Many among us are quick to define Christianity with a litany of rules and some unique doctrines when it comes to individuals (friends, family, church members), but then believe our nation, its currency festooned with our national lie and blasphemy (“In God We Trust”), is somehow beyond defining. Somehow beyond demanding some semblance of Christian compassion. And so we substitute laws (like our “Biblical” rules for personal conduct) while constantly searching for people who are “falling short” and therefore unworthy of our help. Unlike the Good Samaritan we have tests we apply before we show love and care for others. Our love, our national Christianity, is crabbed and very conditional. In the final analysis the people we help are kept to a minimum lest we be inconvenienced or some corporation or billionaire be asked for an additional dollar to help. Corporations, we claim, are also people, just not people we want to impose on to pull their weight.

America has a rapidly growing underclass, like the elderly couple mentioned above, who know that to ask for help is to become branded as failures, lazy, takers, moochers, weak, and a drain on society. They get cold, hungry, and sick because our national attitude has become to ostracize the poor simply for being poor. Poverty in America is too often painted as a moral failure. The unconditional love and compassion that we speak in awed terms of in the story of the Good Samaritan is absent from our politics and our national character. It really is. What is wrong with America is we have called good evil in the most basic dealings with our brothers and sisters. We cry for God to bless America while we ignore the poor, cater to the wealthy, and proudly boast we have done all (and even far more than) we could.

God bless America? Why?!?

America can do better and we all know this. Whatever your perspective on the Bible and your brand of Christianity we have common ground. We have the example of Jesus and the admonition of scripture to care for the poor and weak.  The election of Donald Trump has begun to open the eyes of many. This is not who we are or who we want to be. If we are going to continue to claim we are a Christian nation we need to define exactly what that means and we need to begin living like we believe it.


Further Reading:

Though some can apply their theological overlay to these and many other verses and explain them away all while asserting they believe the “plain teaching” of the Bible I invite everyone to ponder these verses and think about what a truly Christian nation, or merely Christian people, should look like in practice.

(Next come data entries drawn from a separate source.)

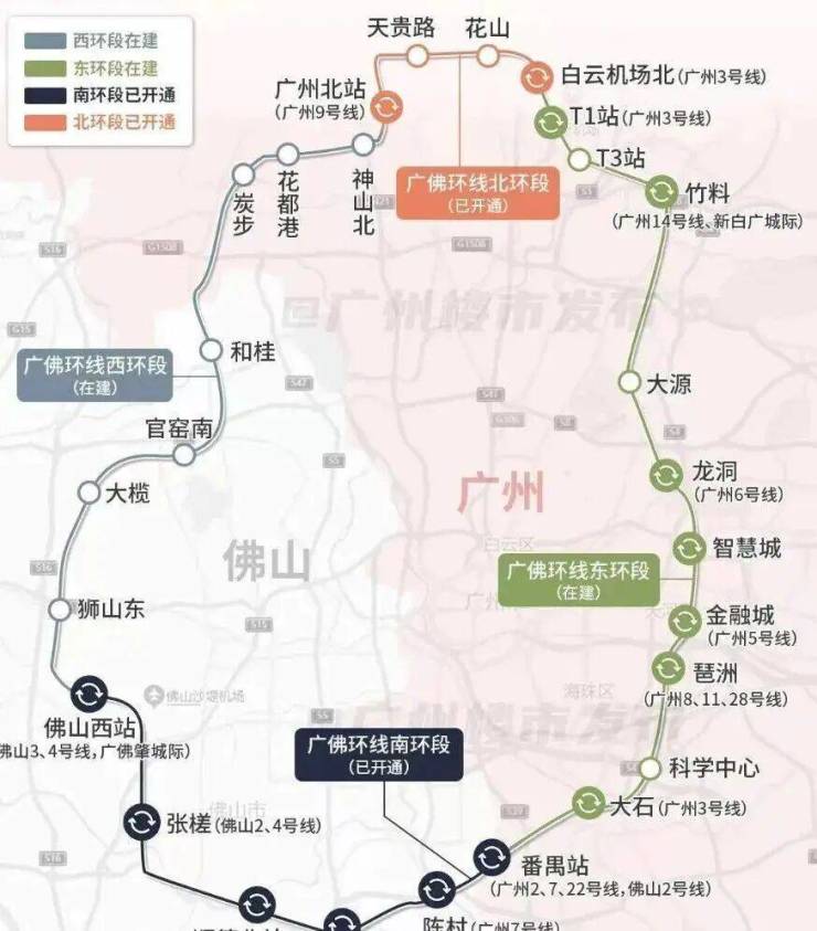 广佛环线东环力争在 2025 年全运会举办前(2025 年 11 月 9 日至 21 日)建成通车,届时城轨 3 站可到琶洲;
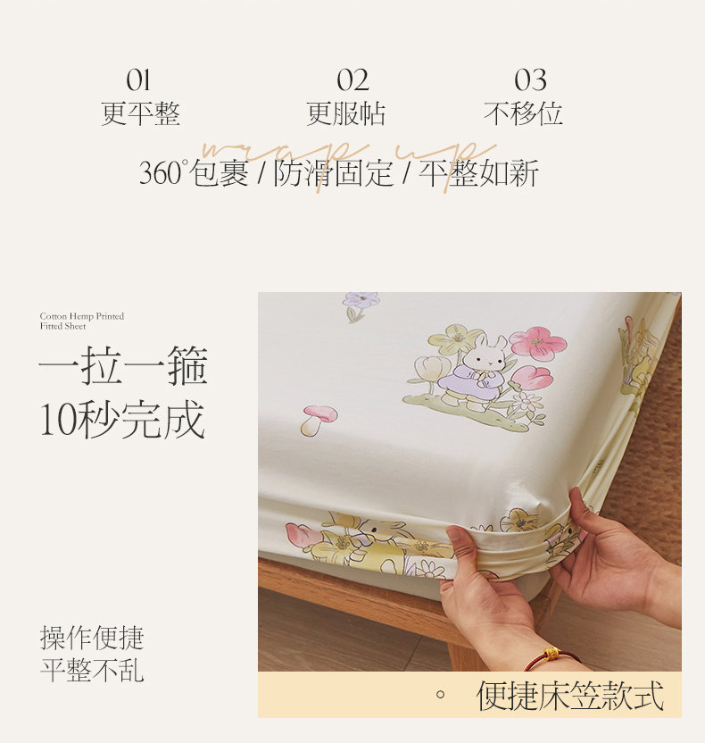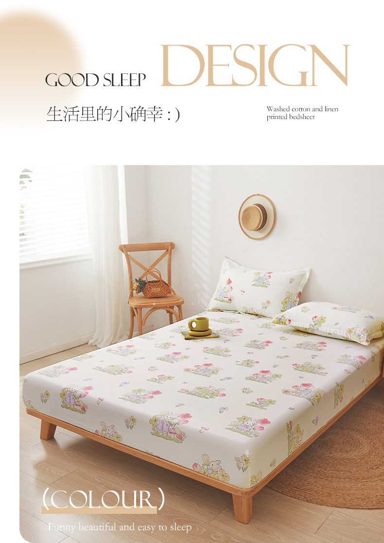 当前位置: 91家纺网 > 商品网购 > 床上用品 > 床笠 > 梦舒羽 2025新款水洗棉麻防尘抗菌床笠全包床罩 花中兔
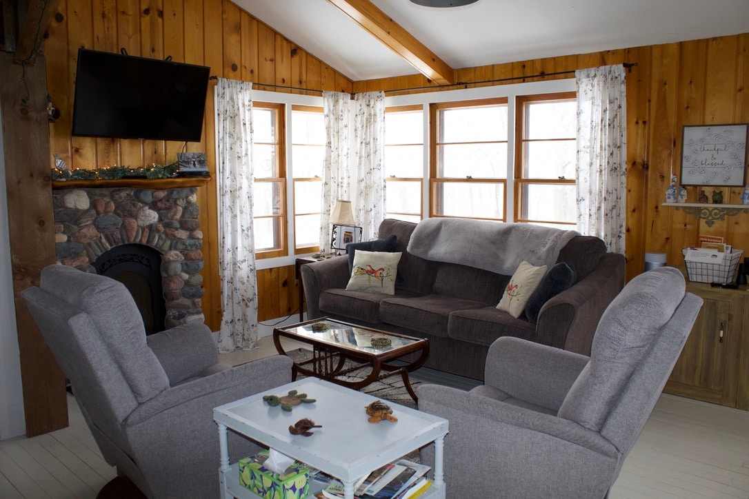 Tearmann cábáin príobháideach cúlráideach ó thuaidh ó Loch Turtle, WI. Is éard atá i gceist thíos staighre ná seomra suí/codlata tolg, cistin agus seomra folctha. Tá 1 seomra leapa ar an staighre le banríon, leaba sa lochta oscailte agus 1/2 seomra folctha. Tiomáin trí bha féaraigh agus páirceanna feirme isteach sa choill, isteach ar bhóthar gairbhéil príobháideach, agus síos cabhsa fada coillteach foirceannadh chuig ár dtearmann locha! Ní mholaimid cuairt a thabhairt sa gheimhreadh gan tiomáint 4 roth! Tá bád pontúin ar cíos ar fáil mar bhreis air! Fáilte roimh pheataí ar tháille $ 90.
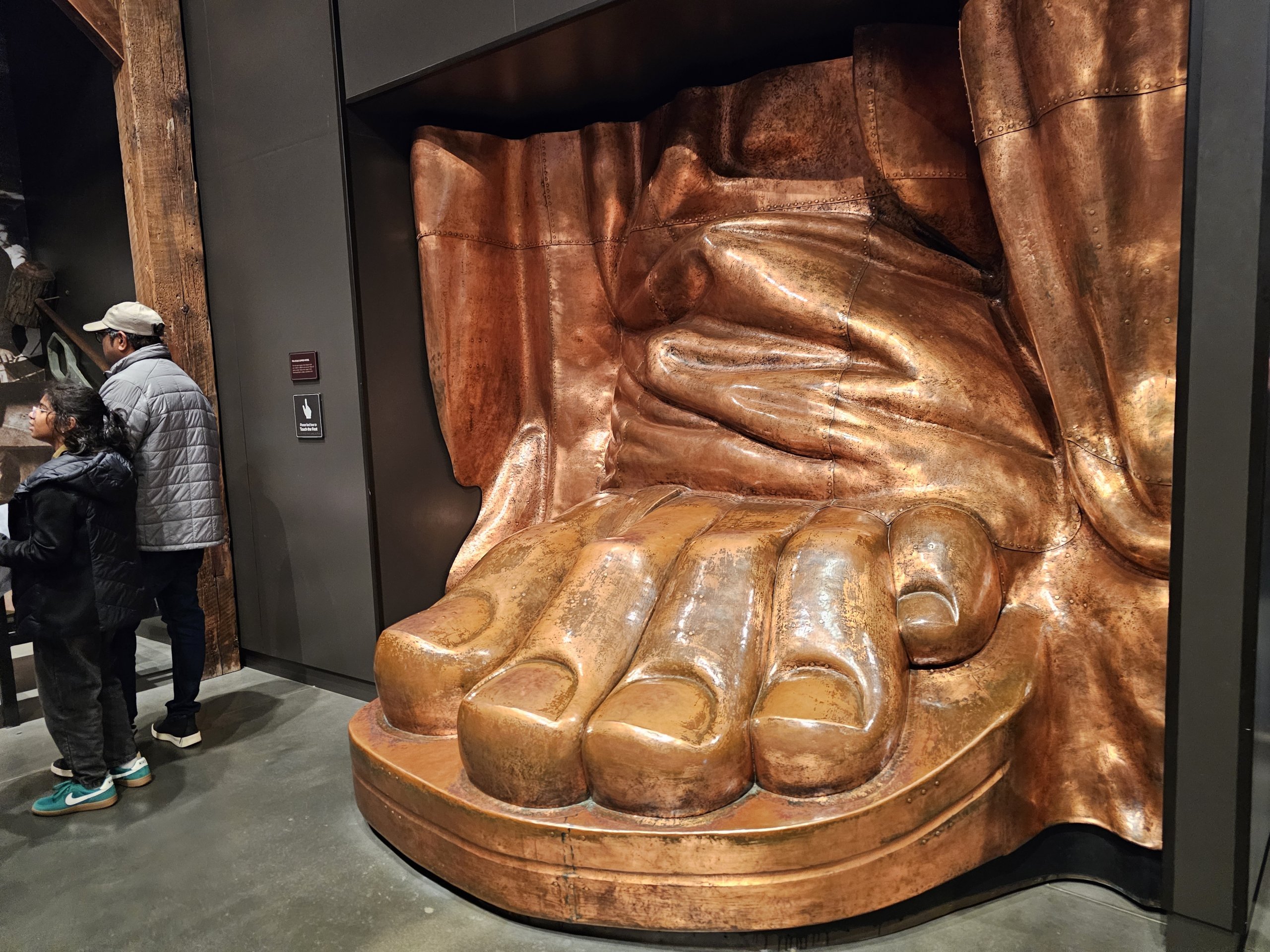 In a modern building near the wharf there is a gift shop, a café, a restaurant and another museum with models of parts of the statue such as the toes, the torch or the face.
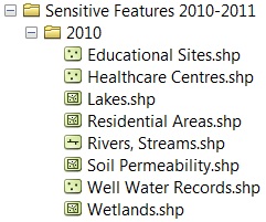 Datasets: Rivers, Lakes, Wetlands, Well Records, Soil Permeability, Residential Areas, Schools, Health Care Centres, Landfill Location Database
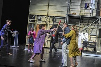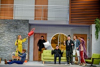 Wir sehen die berühmte Tür-auf-Tür-zu-Komödie über eine panische Theatertruppe. Wir erleben den ersten Akt: einmal bei der Generalprobe, einmal Backstage nach der 50 Vorstellung, zuletzt bei der Dernière. Der „gute Plan“ des Regisseurs wird immer und immer wieder torpediert von menschlichen Schwächen und Befindlichkeiten: Alkoholsucht, Vergesslichkeit, Eifersucht, Eitelkeit, Sturheit, Rachsucht etc. Trotzdem wollen alle Figuren bis zuletzt, dass alles gut ausgeht. „The show must go on.“ Das schlimmste Gefühl: die Angst vor dem Kontrollverlust im selbst angerichteten Chaos. Eine Farce über die Widersprüchlichkeit der Menschen.

Deuteronomy 15:7 – 8: “If there is a poor man with you, one of your brothers, in any of your towns in your land which the LORD your God is giving you, you shall not harden your heart, nor close your hand from your poor brother; but you shall freely open your hand to him, and shall generously lend him sufficient for his need in whatever he lacks.”

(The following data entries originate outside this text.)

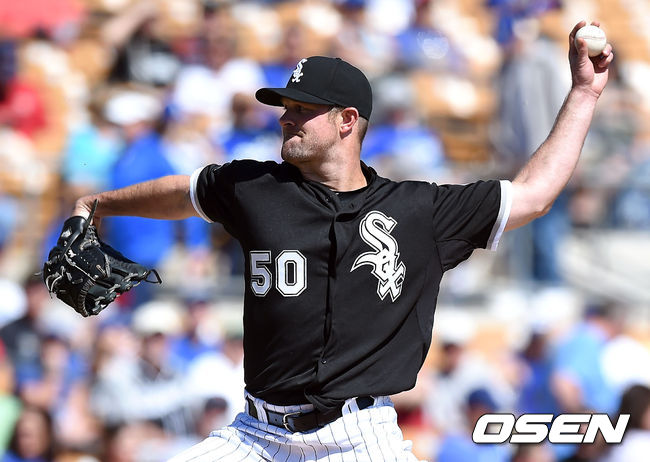 시카고 화이트삭스 존 댕크스가 역투하고 있다.
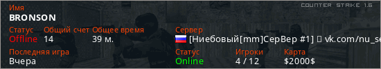 Последний раз был в сети Вчера Игрок с таким ником замечен на 9 серверах
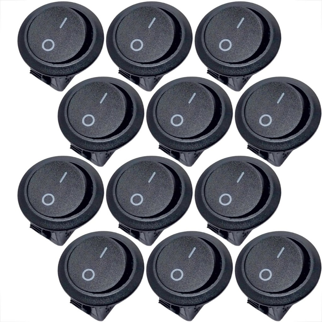 KIT 12 CHAVES BOTÃO TIC TAC REDONDA PRETA ON/OFF LIGA DESLIGA 2 POSIÇÕES 2 TERMINAIS 10A
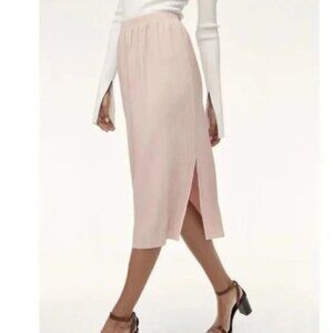Aritzia Wilfred Celesse Pleated Midi Skirt Side Slit Pink
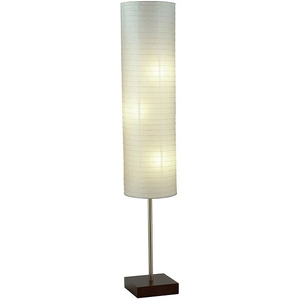 The versatile Adesso® Gyoza 3-Light Floorchiere contributes modern style and drama as well as plenty of ambient light for a living room or den. The collapsible white rice paper shade adds a natural element to the décor while gently diffusing the illumination. The square walnut finished wood base adds to the natural look while providing stability. A convenient foot step switch turns the lamp on and off.
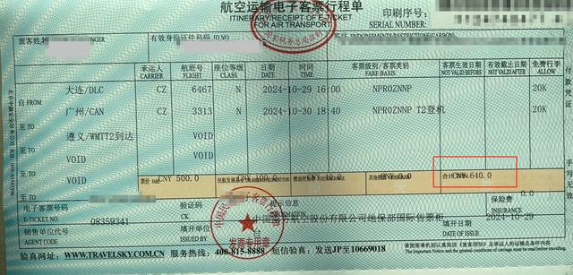 正义喵告诉红星资本局,经过查询后,她发现这实际上是联程机票;而且,根据南方航空开具的电子客票行程单,这张联程机票的实际出票价为640元。
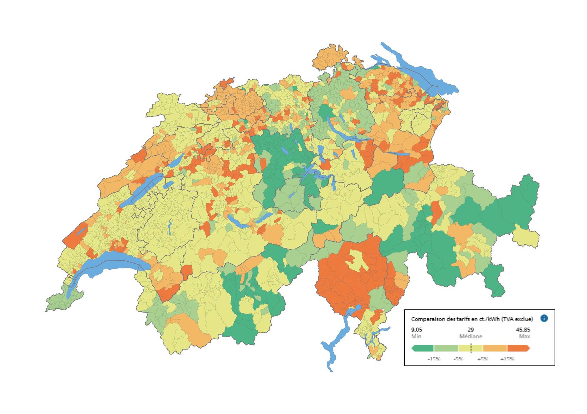 Les tarifs d’électricité des cantons, des communes et des gestionnaires de réseau peuvent être consultés et comparés sur le site Internet de l’ElCom: www.prix-electricite.elcom.admin.ch.
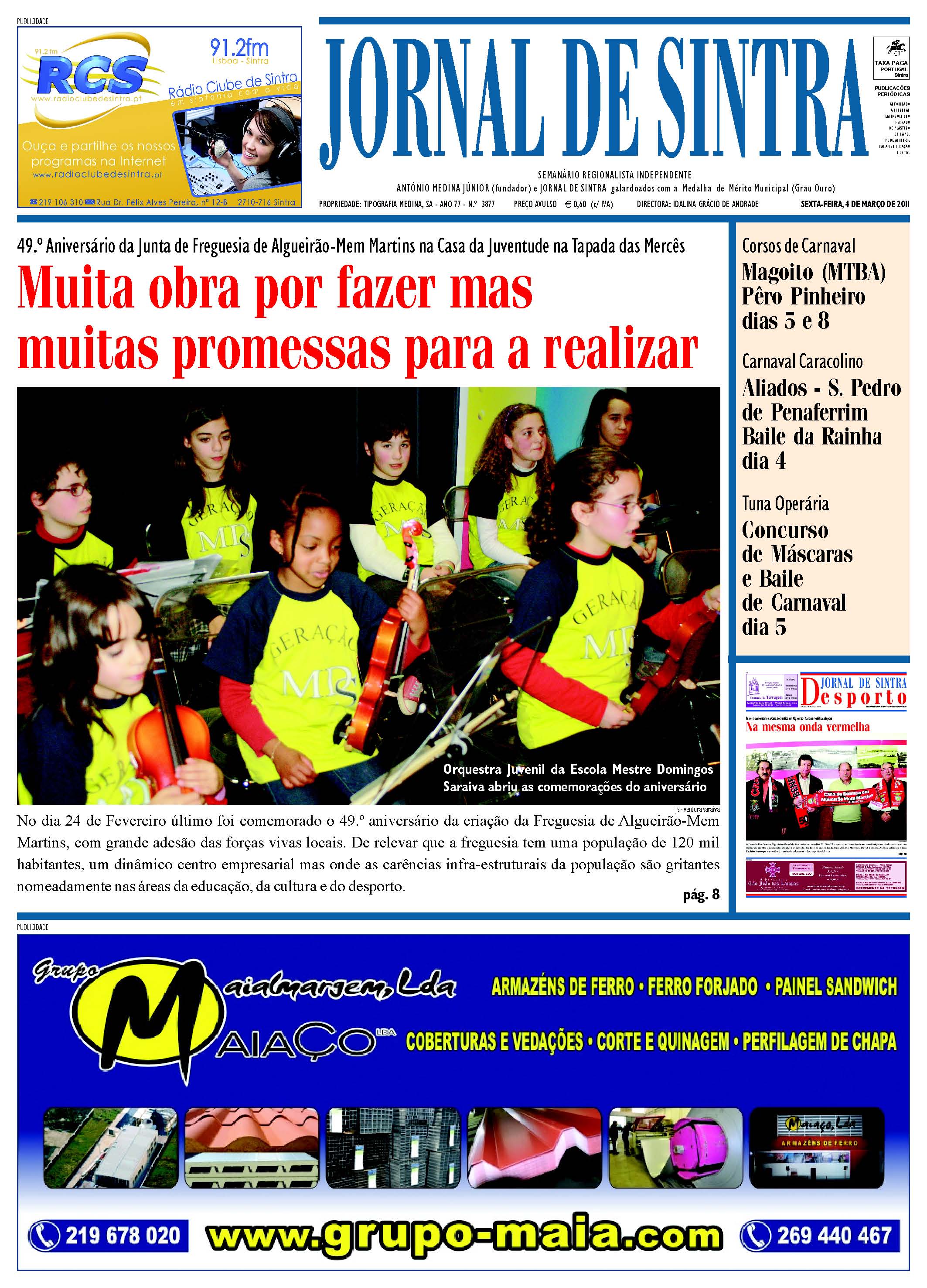 Já está em distribuição via CTT para assinantes, a edição n.º 3.877 do Jornal de Sintra que esta semana dedica a capa ao 49.º aniversário da freguesia de Algueirão- Mem Martins, cerimónia realizada na Casa da Juventude da Tapada das Mercês.

Proverbs 31:20 (ESV) “She opens her hand to the poor and reaches out her hands to the needy.”

James 2:15-16 “If a brother or sister is poorly clothed and lacking in daily food, and one of you says to them, “Go in peace, be warmed and filled,” without giving them the things needed for the body, what good is that?”

 Leviticus 19:9-10 (NRSV) – “When you reap the harvest of your land, you shall not reap to the very edges of your field, nor shall you gather the gleanings of your harvest. You shall not strip your vineyard bare, or gather the fallen grapes of your vineyard; you shall leave them for the poor and the alien: I am the LORD your God.”
Ezekiel 16:49 “Behold, this was the guilt of your sister Sodom: she and her daughters had pride, excess of food, and prosperous ease, but did not aid the poor and needy.”